> _Instructions for the task_: An exact transcription of every entry is required, with the images left out.
*** Begin section ***
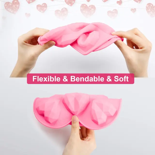 Vzdržljivi: ti kalupi so izdelani iz visokokakovostnega silikona, zato so prilagodljivi in upogljivi za dolgotrajno uporabo; so odporni na mraz in vročino ter prenesejo temperature od minus 40 stopinj do 260 stopinj Celzija, tako da jih lahko varno uporabljate v mikrovalovnih pečicah in hladilnikih. Dober kuhinjski pomočnik: Ti modelčki za mousse torte so popolni za torte zlomljenega srca, želeje, mafine, fondant, sladkorna pasta, stopljena čokolada, okras za sirne torte in druge sladice; lahko jih uporabite tudi za zabavna ročna dela DIY. Združljivi so z večino materialov za ulivanje, kot so vosek, milo, smola, glina za kalupe itd. Enostavno odstranjevanje iz kalupa in čiščenje: notranja površina kalupa v obliki srca je gladka in ni palica, zaradi česar je zelo enostavno odstraniti iz kalupa, ne da bi pri tem ostali ostanki; hkrati pa lahko diamantni kalup v obliki srca očistite v pomivalnem stroju, s čimer prihranite čas, trud in energijo. Uporabne priložnosti: izjemen dizajn 3D kalupov v obliki srca je živ in privlačen; uporabite jih za pripravo okusne hrane za družinska srečanja in festivale, kot so rojstnodnevne zabave, noč čarovnic, božič, valentinovo, materinski dan, očetovski dan itd.; Uporabite lahko tudi Čas je, da z družino ali prijatelji izdelujete čudovite ročne izdelke in uživate v zabavnih ročnih izdelkih DIY
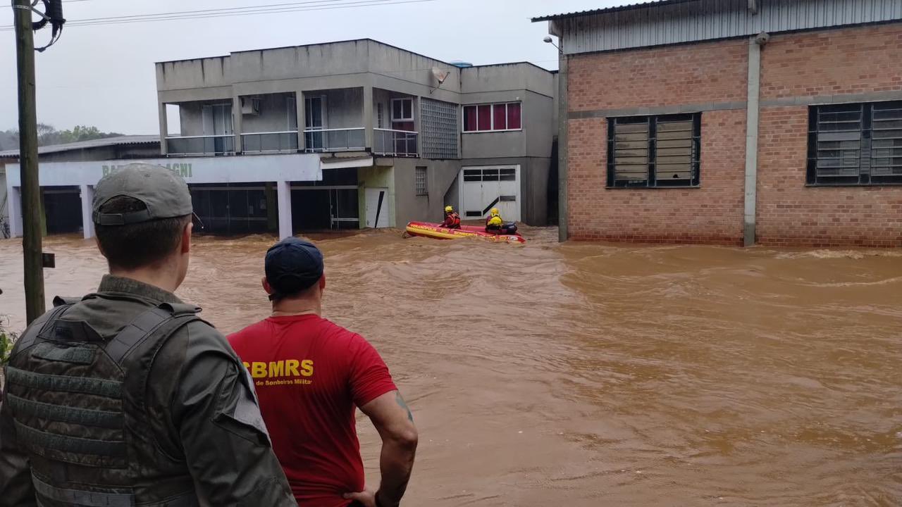 Início Mulher morre e operador aerotático fica ferido após cabo do guincho romper durante resgate Policiais Militares do Batalhão de Aviação da BM resgatam uma família, na área rural de Arroio do Meio. Foto: Brigada Militar.
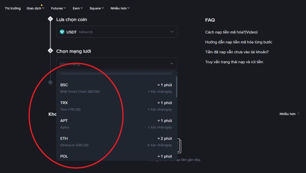 Ví dụ khi Deposit USDT sẽ có các mạng:
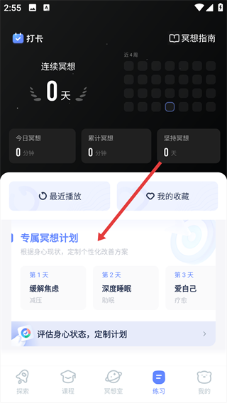 2、在练习界面中,定位到“专属冥想计划”板块,进入计划定制流程。
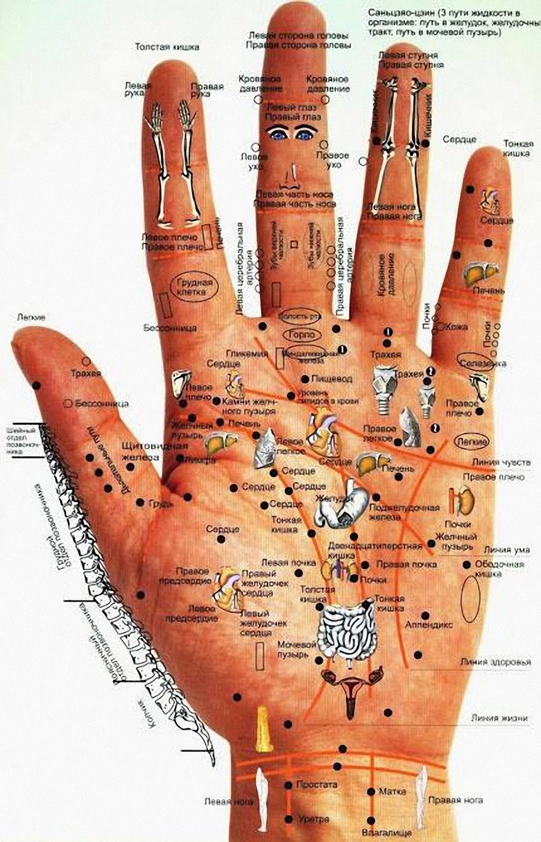 És ehhez elegendő az egyén kommunikációs sémájának megismerése a tenyér pontjai és zónái a belső szervekkel és másokkal testrendszerek. És ha például gyenge a szíved, akkor masszázs gyakrabban, nyomja le (lehetőleg illóolajokkal) megfelelő pontok középen (közelebb a bal szélhez – lásd séma a képen) tenyér. Ha fáj a lábad, masszírozza meg a falákat gyűrűs ujj, és így tovább.
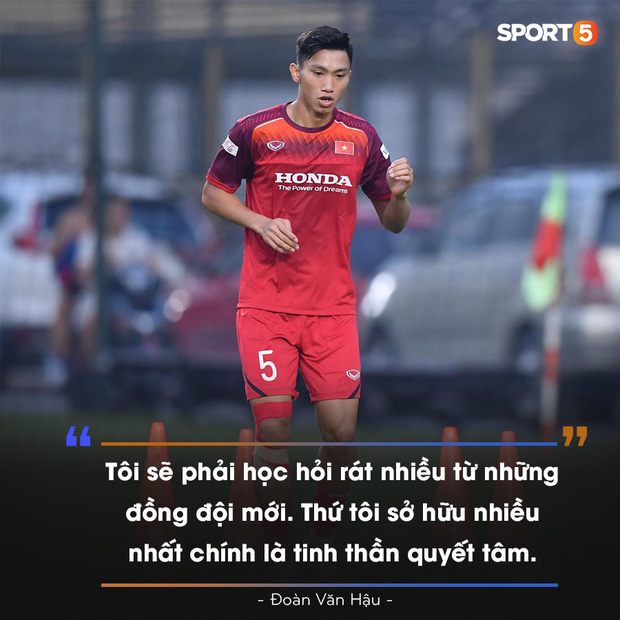 "Tôi nghĩ mình rất may mắn khi được đội bóng lựa chọn. Thứ tôi sở hữu nhiều nhất có lẽ là tinh thần quyết tâm tập luyện và thi đấu. Còn những yếu tố khác tôi vẫn phải học hỏi rất nhiều. Mục tiêu lớn nhất của tôi là tập luyện thật tốt để được thi đấu và cố gắng học hỏi từ HLV, các đồng đội và cố gắng hết mình.", Văn Hậu nói tiếp.
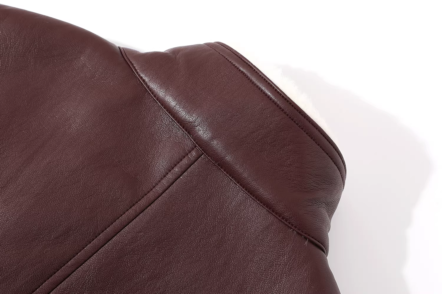 - Áo khoác da Melard cổ điển dài vừa phải mang lại cảm giác cao cấp, độc đáo và siêu phong cách, cổ đứng lót lông cừu, màu cà phê, dành cho nữ, mùa thu đông.
*** End section ***
> _Exercise output_:
 Vzdržljivi: ti kalupi so izdelani iz visokokakovostnega silikona, zato so prilagodljivi in upogljivi za dolgotrajno uporabo; so odporni na mraz in vročino ter prenesejo temperature od minus 40 stopinj do 260 stopinj Celzija, tako da jih lahko varno uporabljate v mikrovalovnih pečicah in hladilnikih. Dober kuhinjski pomočnik: Ti modelčki za mousse torte so popolni za torte zlomljenega srca, želeje, mafine, fondant, sladkorna pasta, stopljena čokolada, okras za sirne torte in druge sladice; lahko jih uporabite tudi za zabavna ročna dela DIY. Združljivi so z večino materialov za ulivanje, kot so vosek, milo, smola, glina za kalupe itd. Enostavno odstranjevanje iz kalupa in čiščenje: notranja površina kalupa v obliki srca je gladka in ni palica, zaradi česar je zelo enostavno odstraniti iz kalupa, ne da bi pri tem ostali ostanki; hkrati pa lahko diamantni kalup v obliki srca očistite v pomivalnem stroju, s čimer prihranite čas, trud in energijo. Uporabne priložnosti: izjemen dizajn 3D kalupov v obliki srca je živ in privlačen; uporabite jih za pripravo okusne hrane za družinska srečanja in festivale, kot so rojstnodnevne zabave, noč čarovnic, božič, valentinovo, materinski dan, očetovski dan itd.; Uporabite lahko tudi Čas je, da z družino ali prijatelji izdelujete čudovite ročne izdelke in uživate v zabavnih ročnih izdelkih DIY
 Início Mulher morre e operador aerotático fica ferido após cabo do guincho romper durante resgate Policiais Militares do Batalhão de Aviação da BM resgatam uma família, na área rural de Arroio do Meio. Foto: Brigada Militar.
 Ví dụ khi Deposit USDT sẽ có các mạng:
 2、在练习界面中,定位到“专属冥想计划”板块,进入计划定制流程。
 És ehhez elegendő az egyén kommunikációs sémájának megismerése a tenyér pontjai és zónái a belső szervekkel és másokkal testrendszerek. És ha például gyenge a szíved, akkor masszázs gyakrabban, nyomja le (lehetőleg illóolajokkal) megfelelő pontok középen (közelebb a bal szélhez – lásd séma a képen) tenyér. Ha fáj a lábad, masszírozza meg a falákat gyűrűs ujj, és így tovább.
 "Tôi nghĩ mình rất may mắn khi được đội bóng lựa chọn. Thứ tôi sở hữu nhiều nhất có lẽ là tinh thần quyết tâm tập luyện và thi đấu. Còn những yếu tố khác tôi vẫn phải học hỏi rất nhiều. Mục tiêu lớn nhất của tôi là tập luyện thật tốt để được thi đấu và cố gắng học hỏi từ HLV, các đồng đội và cố gắng hết mình.", Văn Hậu nói tiếp.
 - Áo khoác da Melard cổ điển dài vừa phải mang lại cảm giác cao cấp, độc đáo và siêu phong cách, cổ đứng lót lông cừu, màu cà phê, dành cho nữ, mùa thu đông.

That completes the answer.